Es fühlte sich an, als würde er lebendig begraben, alles schien
zu erstarren und urplötzlich wurde es schwarz um ihn, als seine Augen
zu kaltem Stein erstarrten. Seine Gedanken rasten - zu schnell, Samael
wollte betrügen! Zu spät... viel zu spät, der Zauber war
gelungen. Vergeblich kämpfte Serrin gegen die steinernen Fesseln
seines Körpers an, aber nichts als seine Gedanken schienen sich noch
rühren zu können. Die Schwere des Steins schien langsam auch
sie einzuholen. Der Dunkelelf spürte keine Angst und keinen Zorn
auf den Magier. Es war, als ob seine Gedanken tatsächlich losgelöst
vom Körper und völlig frei waren.
Er hatte noch etwas sagen wollen. Er hatte dem alten Mann ein weiteres
Versprechen abnehmen wollen. Das Versprechen zur Rückkehr. Aber der
Alte hatte nicht gewartet... .
Ein leises Bedauern regte sich in Serrin.
Aber letztendlich war es gleichgültig. Serrin genoss die schwarze
Kühle des Steins, genoss die Klarheit, mit der sich seine Gedanken
auf einmal bewegen konnten. So frei von Gefühlen, logisch und frei
war sein Verstand noch nie gewesen. Mit plötzlicher Schärfe
erkannte er auf einmal, was vorging, und begriff. Wie simpel, wie elementar
die Welt doch in Wahrheit war... . Wie bedeutungslos waren doch die meisten
seiner Wünsche bisher gewesen - die meisten. Selbst jetzt glaubte
er, ein sanftes Brennen in seiner steinernen Hand zu spüren, ein
Brennen, das in seinen Gedanken Widerhall fand: Wissbegier.
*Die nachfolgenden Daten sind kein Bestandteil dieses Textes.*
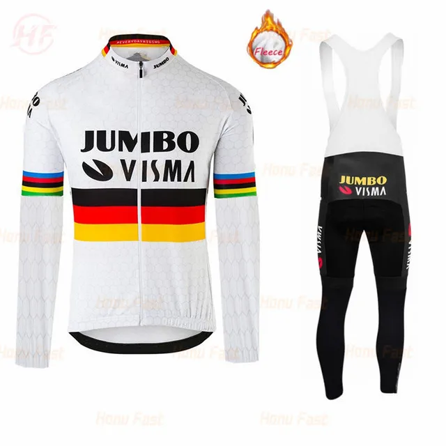 Мужская Зимняя Теплая Флисовая футболка с длинным рукавом Jumbo Visma 2021

Langsam noch
und zögernd machten sich seine Gedanken auf die Reise. Jetzt, in
diesem Zustand der Freiheit, war ihm so vieles möglich. Er wollte
es genießen und nutzen - war es je anders gewesen? War er nicht
immer schon so frei gewesen? Seine Zeit in seinem lebendigen Körper
schien ihm plötzlich bedeutungslos und kurz... .
In dem
Labor strichen die Stunden dahin. Die Magier kamen und gingen wieder.
Einige begutachteten die kunstvolle Statue, andere schienen über
sie zu debattieren. Einer von ihnen wollte sich daranmachen, sie genauer
zu untersuchen, aber Samael Ben Nebo wachte über sein Werk. Der Abend
und die Nacht zogen herauf, die Nacht wurde zum Tage. Grau, starr, perfekt
und ohne jede Bewegung stand die Statue im Turm der Magier.